> DIRECTIONS FOR THIS TASK: Print only the lines below from the one with "I have a course" to the one with "4. Instalación Fácil", both included, exactly as they stand. Leave pictures out.

> PROVIDED INFORMATION:
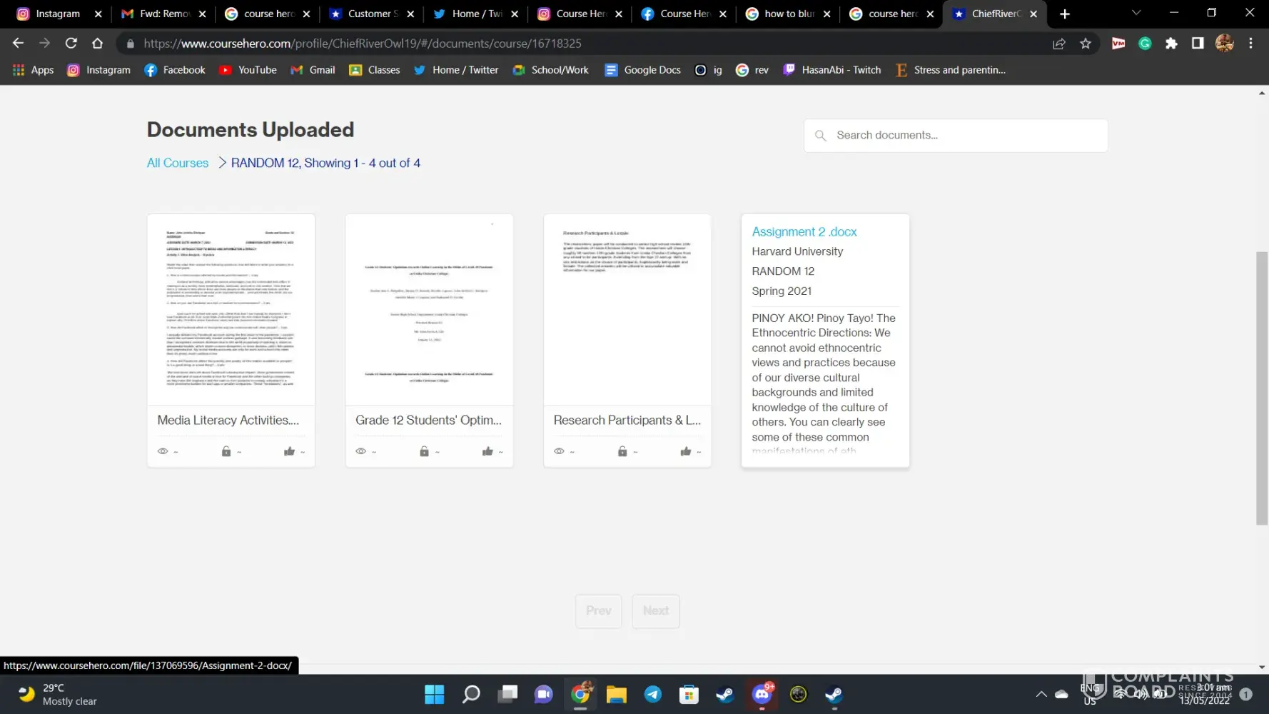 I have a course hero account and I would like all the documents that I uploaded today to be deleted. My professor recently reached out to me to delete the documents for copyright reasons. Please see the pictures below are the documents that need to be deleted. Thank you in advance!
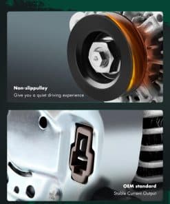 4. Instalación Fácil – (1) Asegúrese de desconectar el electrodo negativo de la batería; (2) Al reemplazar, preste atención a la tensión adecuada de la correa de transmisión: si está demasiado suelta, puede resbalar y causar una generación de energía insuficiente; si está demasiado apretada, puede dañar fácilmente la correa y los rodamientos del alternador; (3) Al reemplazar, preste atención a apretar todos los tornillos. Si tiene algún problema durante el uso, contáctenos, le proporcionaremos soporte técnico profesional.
* * *
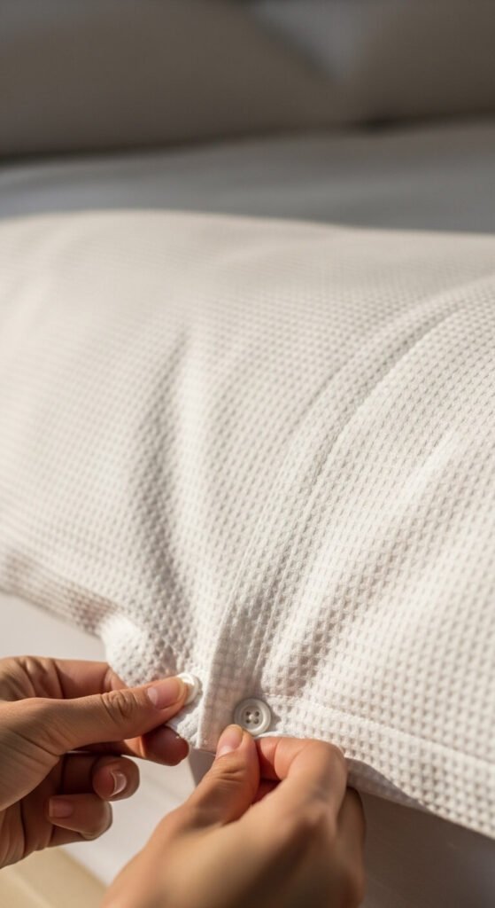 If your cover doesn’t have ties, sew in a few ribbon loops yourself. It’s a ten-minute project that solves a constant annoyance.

> TASK ANSWER:
 I have a course hero account and I would like all the documents that I uploaded today to be deleted. My professor recently reached out to me to delete the documents for copyright reasons. Please see the pictures below are the documents that need to be deleted. Thank you in advance!
 4. Instalación Fácil – (1) Asegúrese de desconectar el electrodo negativo de la batería; (2) Al reemplazar, preste atención a la tensión adecuada de la correa de transmisión: si está demasiado suelta, puede resbalar y causar una generación de energía insuficiente; si está demasiado apretada, puede dañar fácilmente la correa y los rodamientos del alternador; (3) Al reemplazar, preste atención a apretar todos los tornillos. Si tiene algún problema durante el uso, contáctenos, le proporcionaremos soporte técnico profesional.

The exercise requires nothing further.